Orchestra achieves Midwest

by Alyssa Pena | staff writer

In the middle of a challenging lesson instructed by the orchestra student teacher, a commotion suddenly rose from the director’s office.

“Mrs. George freaked out in her office, then she came outside and yelled at us,” senior Yash Sahota said. “We thought someone had committed a murder.”

Orchestra director Karen George stormed out of her office in a rage, pacing back and forth in front of her terrified varsity orchestra class, saying she was “speechless” and repeatedly asking, “What does this mean for orchestra?” After abruptly leaving the stunned classroom, she returned moments later with principal John Mehlbrech in tow to finally reveal that her anger was all an act.

I punked them,” George said. “I wanted a good reaction from the students. I hadn’t really talked [the Midwest Clinic] up, and I hadn’t gone through the whole explaining of what this was and how big of a deal this was.”

The Midwest Clinic, a highly selective event held every year in Chicago, Illinois in the month of December, welcomes groups from all across the country and the globe to meet and discuss new teaching styles, to preview up and coming music for middle school, high school, and adult level orchestras, and attend helpful seminars on how to improve music quality.

“Midwest is world renown, and groups from all over the world will send their recordings in for judges on the board to listen to, then they select those groups,” George  said. “And there’s groups all the way from jazz ensembles to full orchestra, student orchestras, band, and smaller community groups.”

Because of it’s world famous status among orchestra ensembles, the Midwest clinic requires that the groups that aspire to submit recordings do so in mid-March, something that was unheard of to George.

“I’ve been wanting to do this for quite some time. One of the things that made me hesitate was, the due date; the turnaround time from our UIL to that is very, very quick,” George said “It was so early, I just missed the date. I also had to make sure that, if we were ever selected, it was a year when I could leave.  And so this year I was like, ‘you know what, let’s just try this.’”

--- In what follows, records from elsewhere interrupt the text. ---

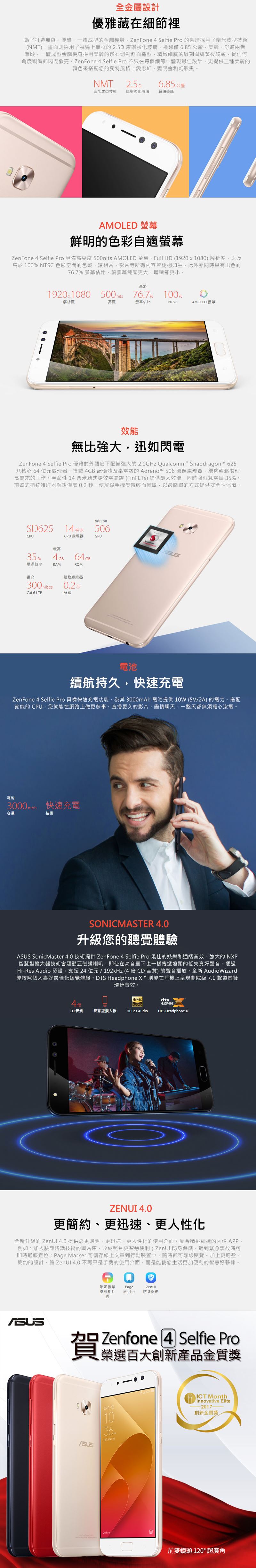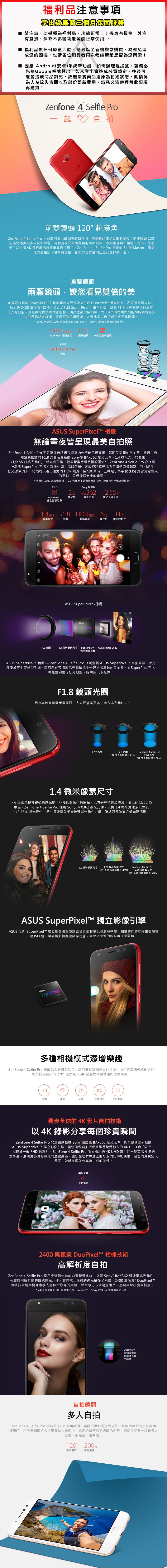 【ASUS】 ZenFone 4 Selfie Pro ZD552KL (4G+64G) 5.5八核超角智慧型手(福利品) ,推,箱,CP值,,,便宜,惠,介,排行,精,特,周年,,限
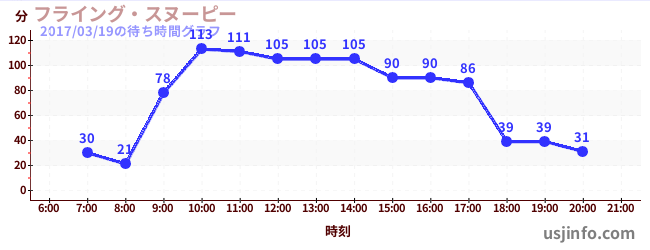• フライング・スヌーピー$B$N(B2017年03月19日の待ち時間
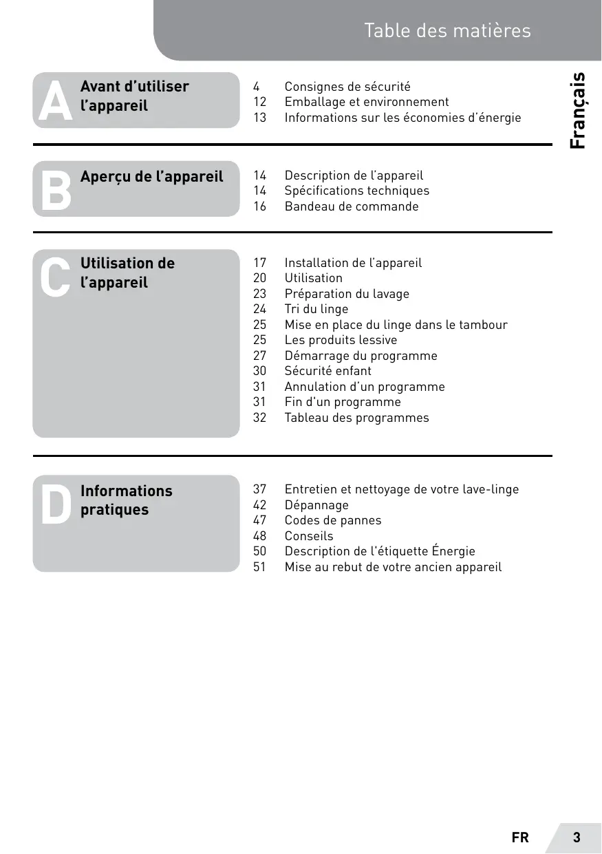 13 Informations sur les économies d'énergie 5 Le LL Aperçu de l'appareil 14 Description de l'appareil 14 Spécifications techniques 16 Bandeau de commande Utilisation de 17 Installation de l'appareil pret 20 Utilisation PP 23 Préparation du lavage 24 Tridulinge 25 Mise en place du linge dans le tambour 25 Les produits lessive 27 Démarrage du programme 30 Sécurité enfant 31 Annulation d'un programme 31 Fin d'un programme 32 Tableau des programmes Ce lave-linge
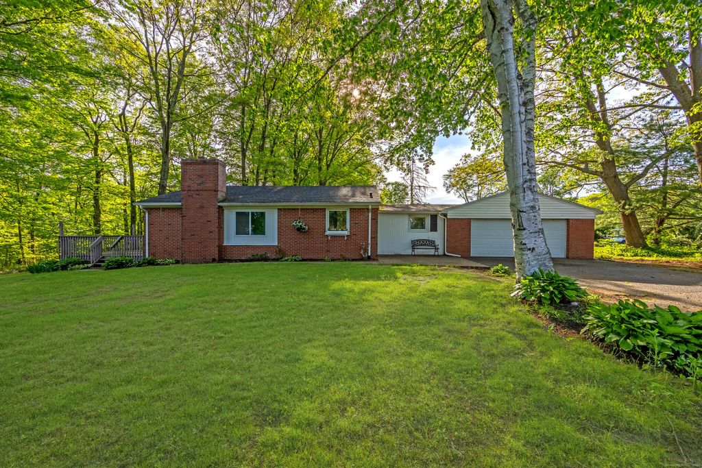 Welcome to 1 Grace Avenue! Potential 4 Bedroom! This beautifully updated ranch-style home offers the perfect blend of charm and modern touches. Step into a spacious living room featuring a stunning stone wood-burning fireplace - the ideal spot to relax or entertain. The bright, inviting kitchen boasts crisp white cabinetry, butcher block countertops, and classic subway tile backsplash, creating a timeless yet trendy look. New vinyl flooring runs throughout the home, adding durability and style. The partially finished lower level adds additional space for another bedroom, playroom or home office. Outside, enjoy summer days in your private, level backyard - perfect for gatherings, gardening, or quiet mornings. Schedule your showing today!
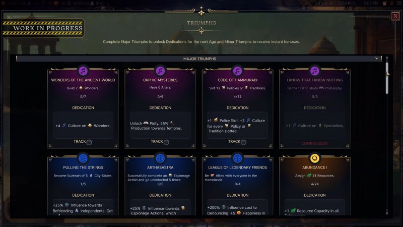 Triumfy można zdobywać zarówno poprzez naturalny rozwój imperium, jak i bardziej nietypowe decyzje strategiczne, co ma sprawić, że każda rozgrywka będzie przebiegać inaczej. Za ukończenie Triumfów gracze otrzymają bonusy dla imperium lub specjalne karty, które będzie można wykorzystać na początku kolejnej epoki, wpływając na dalszy kierunek rozwoju cywilizacji.
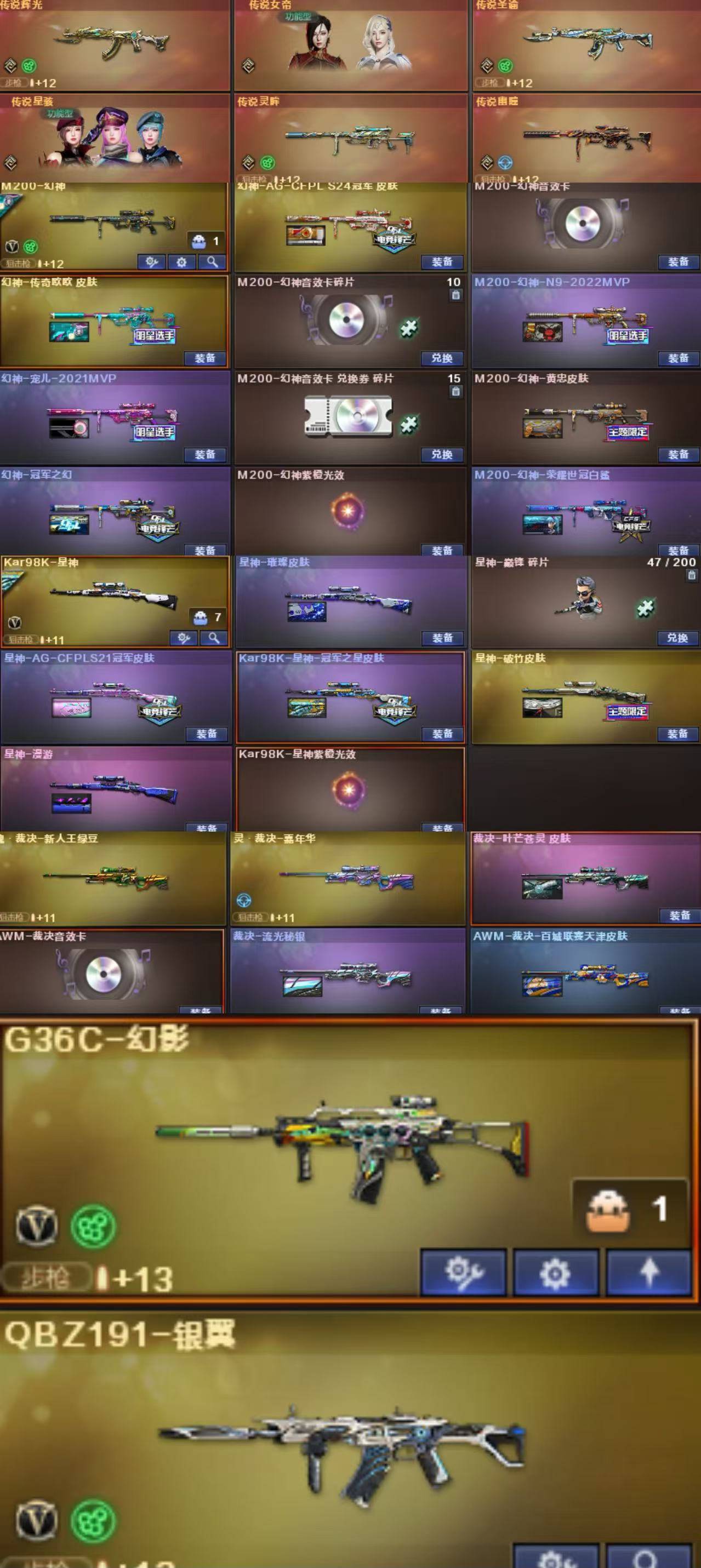 【南部】150v传说女帝+幽瞳+圣瑜/星骇⭐幻神欧欧7皮三件套⭐裁决三件套⭐G36c幻影六列六盘双全
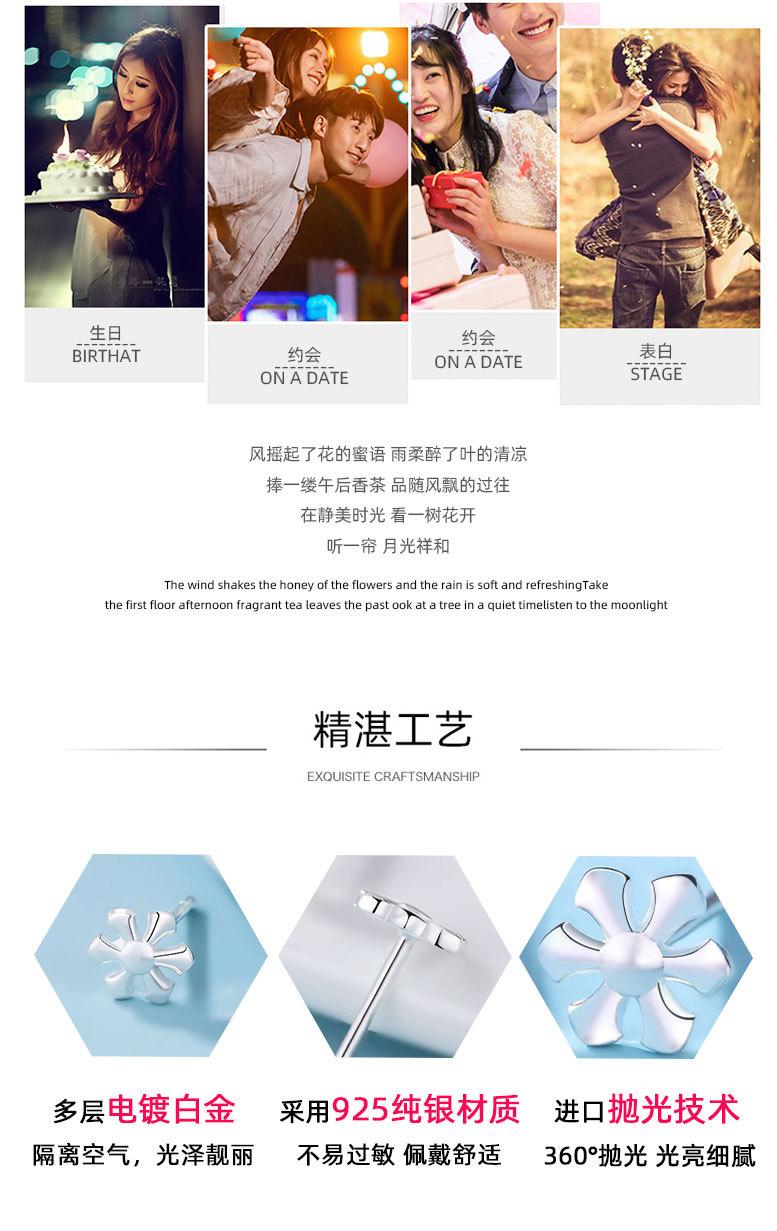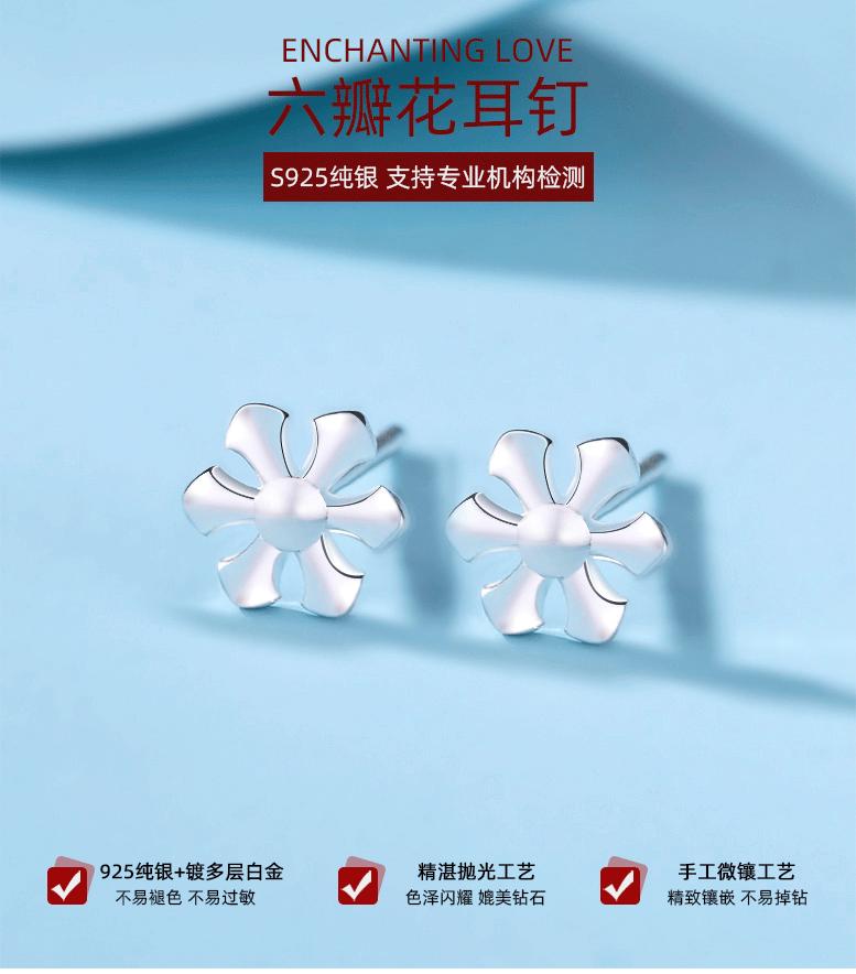 Brincos de prata esterlina S925 para mulheres, brincos pequenos de flor de seis pétalas, pequenos e simples, estilo coreano, brincos de prata, novas joias da moda

After earning sweepstakes in UIL this year, George immediately sent in the recordings of her top orchestra and a video of herself conducting with hopes of at least being considered for Midwest. She would’ve never have guessed that her first time submitting that would they be chosen.

“I found out by email and I was like, ‘Oh my gosh, I can’t believe it!’ I had our student teacher, Ms. Mayra Pena read it for me to make sure I wasn’t misreading it,” George said. “This was the first time I ever submitted, and back when I was recording my students to send it, they asked ‘why are you recording this?’ and when I told them it was for Midwest, I just kind of blew it off because I didn’t want to talk it up too much. I didn’t know what to expect for this.”

Now that they have been selected, the Forza orchestra will travel to Chicago between December 14-17 to perform for conductors, teachers, and other musicians. Although this year’s orchestra achieved this spectacular spot in Midwest, the orchestra next year will be able to attend, meaning that seniors will have to miss out.

“Unfortunately the seniors from this year will not be attending. However I have looked into how to  honor the seniors who participated. One of the directors that I have been in contact with said that she included a picture of them in the [Midwest] program. So I will definitely do something like that,” George said.

Despite not being able to attend as an orchestra member, graduating seniors like Sahota plan on watching their classmates perform since they remember how huge of an accomplishment being accepted to Midwest is from the Tejeda Middle School Orchestra traveling to Chicago their sixth grade year.

“I was actually in the Philharmonic orchestra at the time, and it was my sixth grade year. I remember Mrs. Williams and the orchestra leaving for Midwest, and we made posters for them saying ‘good luck’ and all that,” Sahota said. “It was pretty interesting, and I always thought that, ‘hey maybe that will be an orchestra that I’m in that will get to go to Midwest.’ It’s sort of like that now. I’m still happy since I was part of that group when we got invited, but that’s why I still wanna show up and watch the performance next year.”

The Midwest Clinic selects three groups to perform out of the many categories they supply and allows those groups to gain recognition from thousands of music educators and performers.

“I think that anything that people know about, it’s good to get our name out there, and let people know who we are. We are really a great group,” George said. “They are really talented, really dedicated students and I think it’s important that everyone see that, and so we want to shine the light on our orchestra whenever we can. And I think it’s a good way to get our name out there.”

This opportunity might not have been possible without the dedication and commitment exhibited by the orchestra students throughout the years, according to George.

“This orchestra has developed and matured so much in the eight years since the school was opened. There’s a lot more depth,” George said. “I didn’t have that high of expectations because of the level of music that we submitted because we have played harder, but apparently it really was the quality of [the recording] that got us accepted to Midwest, and I cannot be more proud of my students.”